I need to move into a much smaller place than I’m in now. Three bedrooms on over an acre of land is too much of everything…too many empty rooms with no furniture to accommodate all the visitors who never come, now filled with empty boxes that became a playground for my kittens.
My sacred little acre’s home to dozens of mature trees of every tribe, and each has too many branches that fall to the ground after storms which must be cleared before Ronnie, my lawn guy can come again, and mow to keep the neighborhood looking as manicured as it should.
There’s a beautiful little pool with a perpetual waterfall of music which runs far into the night and long after I retire, and whose caressing waters are only used when the temps are warm and friendly, perhaps four or five months each year.
But I’ve always loved being on water, before, the inland lakes of lower Michigan, and then the Great Lakes enveloping both the upper and lower peninsula of my birth state, and now, in later life, to the tempting, tropical lure of agrarian Florida, summoned here by my mother’s love of this place.
I’m on the hunt for a one bedroom, condo or cottage, requiring little in the way of upkeep, and affording much in the way of peace, solitude, and a long view of the blue Gulf through as many windows as I can manage. And I want a high balcony to feel the warm breezes of July and August on my face, and the misty, cool of the early morning as I sip my coffee and savor the faint scents of the Caribbean Sea.
I want a white sandy beach nearby that I can walk to in the mornings, and can wade into during the heat of the August summer days, just deep enough to enjoy the refreshing cool of the Gulf shallows, and just wet enough that it will keep me cool as I walk back to my balcony nest.
Perhaps, with any luck, on the way back, there will be a small, shady tiki bar where I can stop and sit a while, sip an icy draft, watching myself and others I knew many years ago, replaying the very script of life’s joy, as we all sat around the bar, obvious lovers speaking in low tones about the burgeoning wonders of their lives.
I want to simplify to the extent that life becomes effortless, or have I just made a wish upon a fantasy? Perhaps so, but we must all have goals and fantastic or not, I will entertain mine for as long as life allows.
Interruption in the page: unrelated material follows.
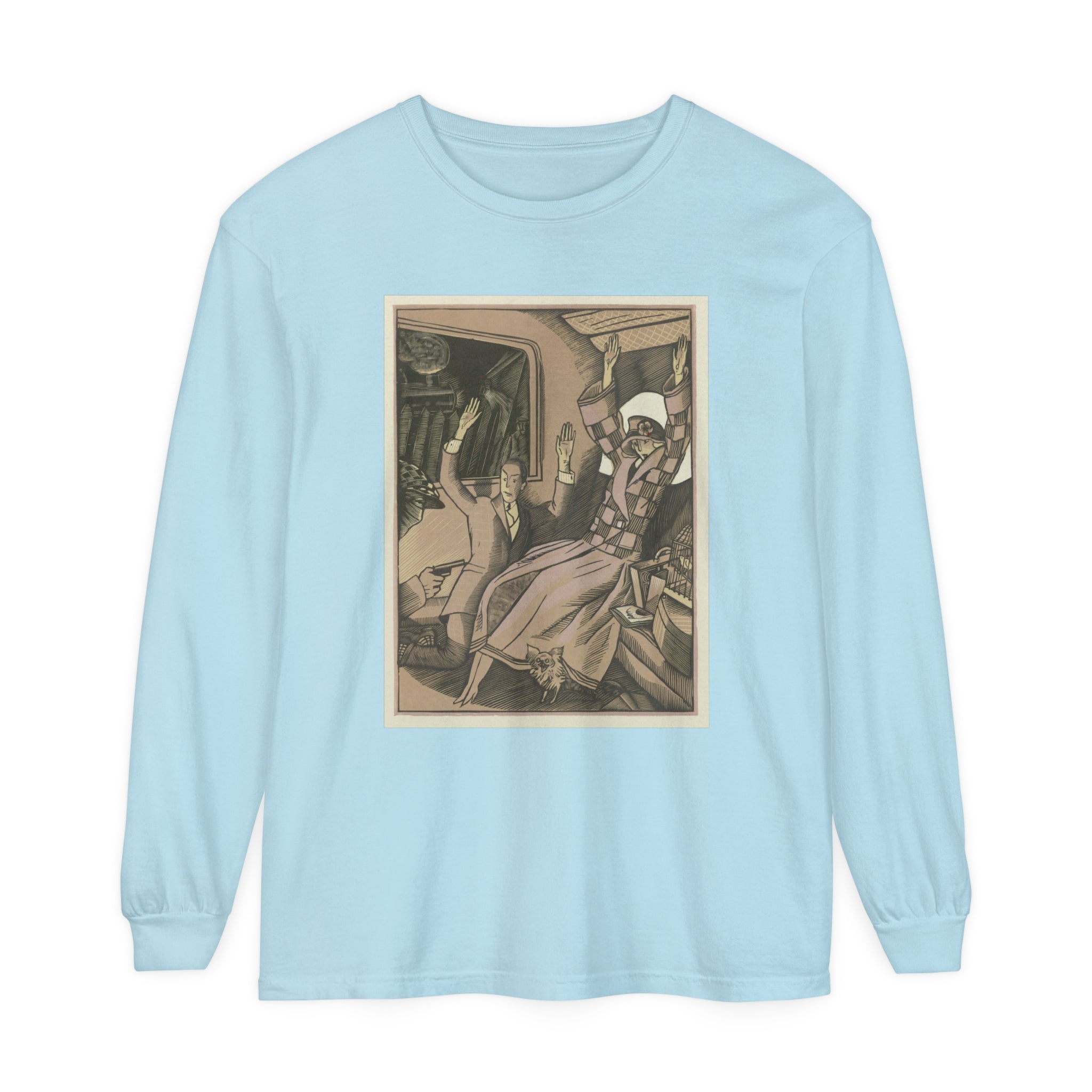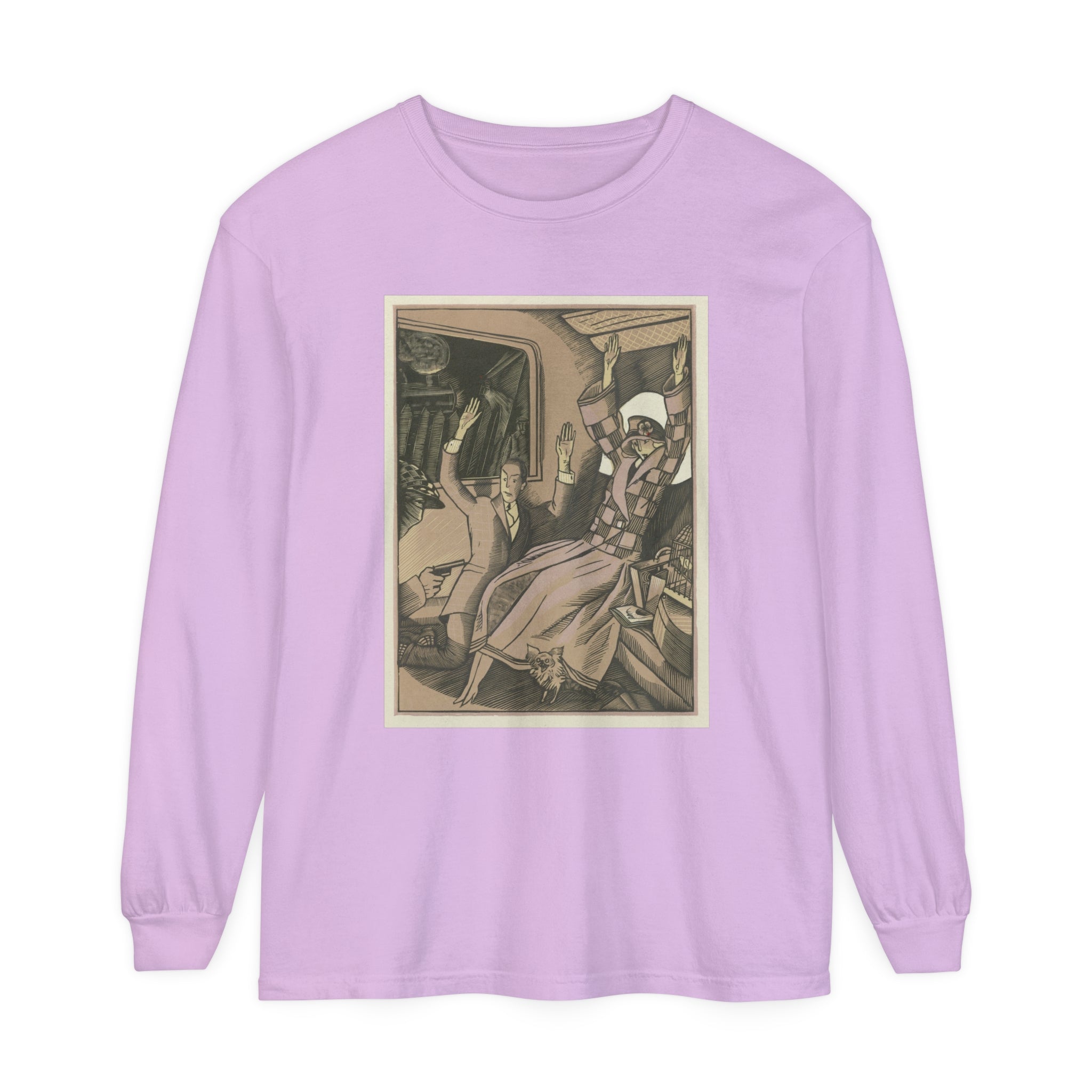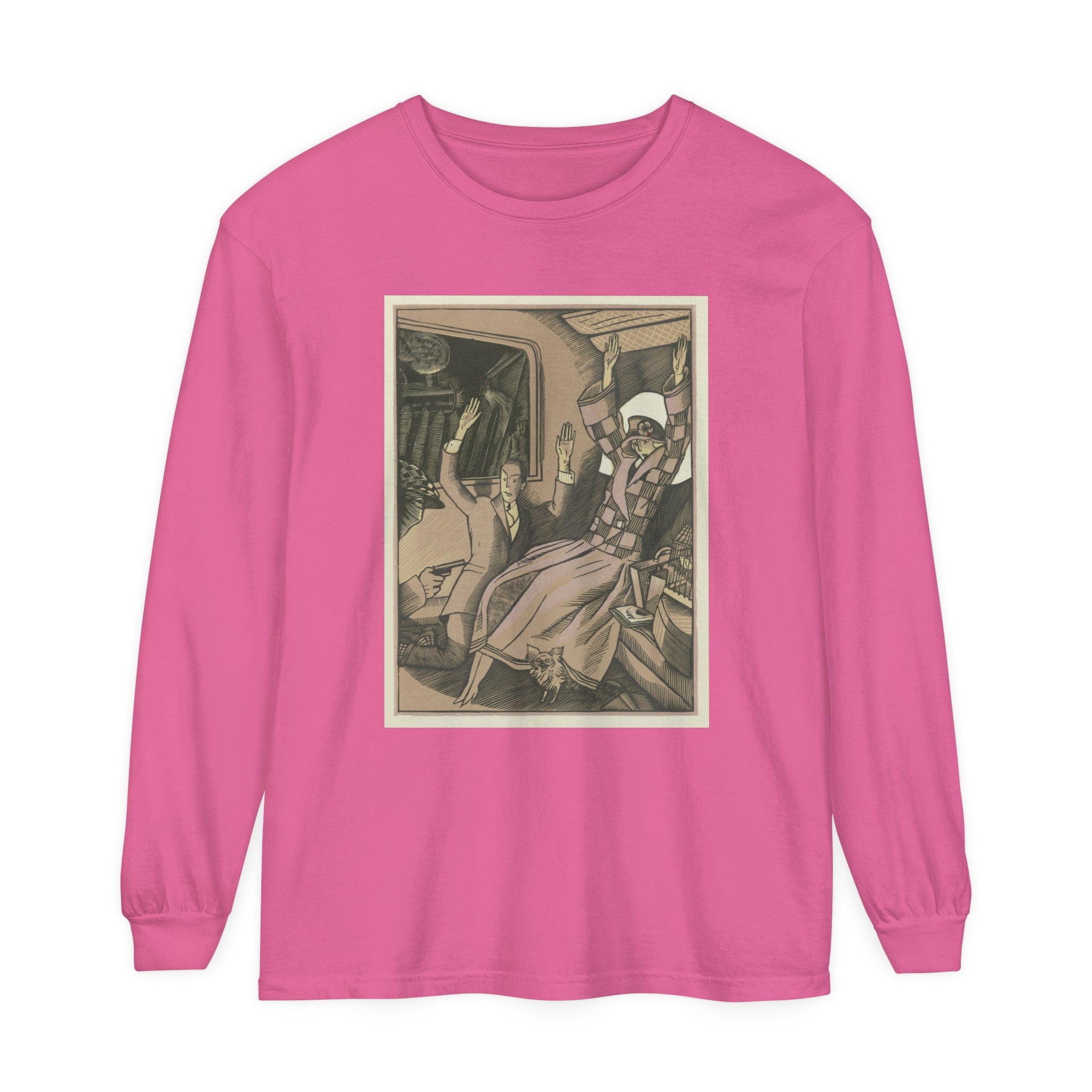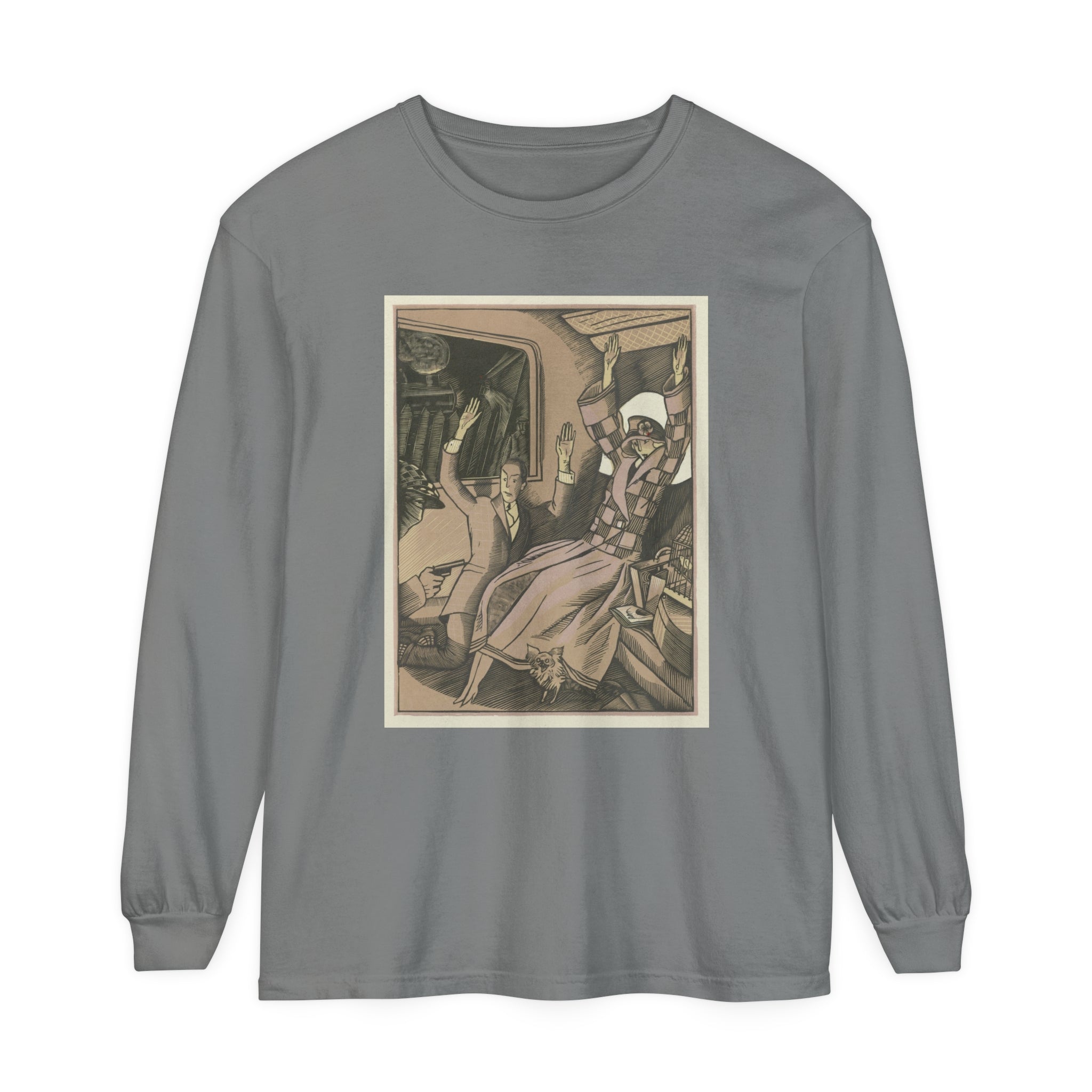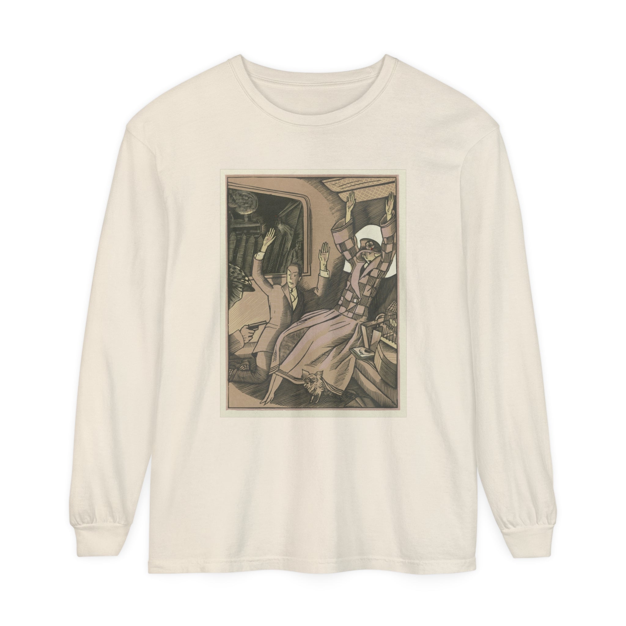 Artwork designed and digitally remastered by Sarasvati Designs. L’Attentat" by Fernand Siméon is a dramatic painting from 1923 that captures a moment of intense action and suspense. The scene is set in the back of a vehicle, possibly a train, where a vintage couple dressed in fashionable attire is being held up by a masked man with a gun. The couple, clearly startled, has their arms thrown up in the air in a gesture of shock and surrender. Their elegant clothing and the overall composition suggest a scene from a bygone era, adding a touch of historical intrigue to the painting.

There will be days when I’m certain that I have achieved the magic formula, and others, when it’s painfully clear that I most certainly haven’t, but still, I’ll try.
Turns out I won’t need a golf cart as I once thought, and I won’t need two or three cars when one good one will do, and since I can’t see very well at night anymore, I’ll spend evenings with my kittens, watching the sun set somewhere beyond the horizon, beyond even Mexico as it disappears into the great Pacific, and dream of tomorrow.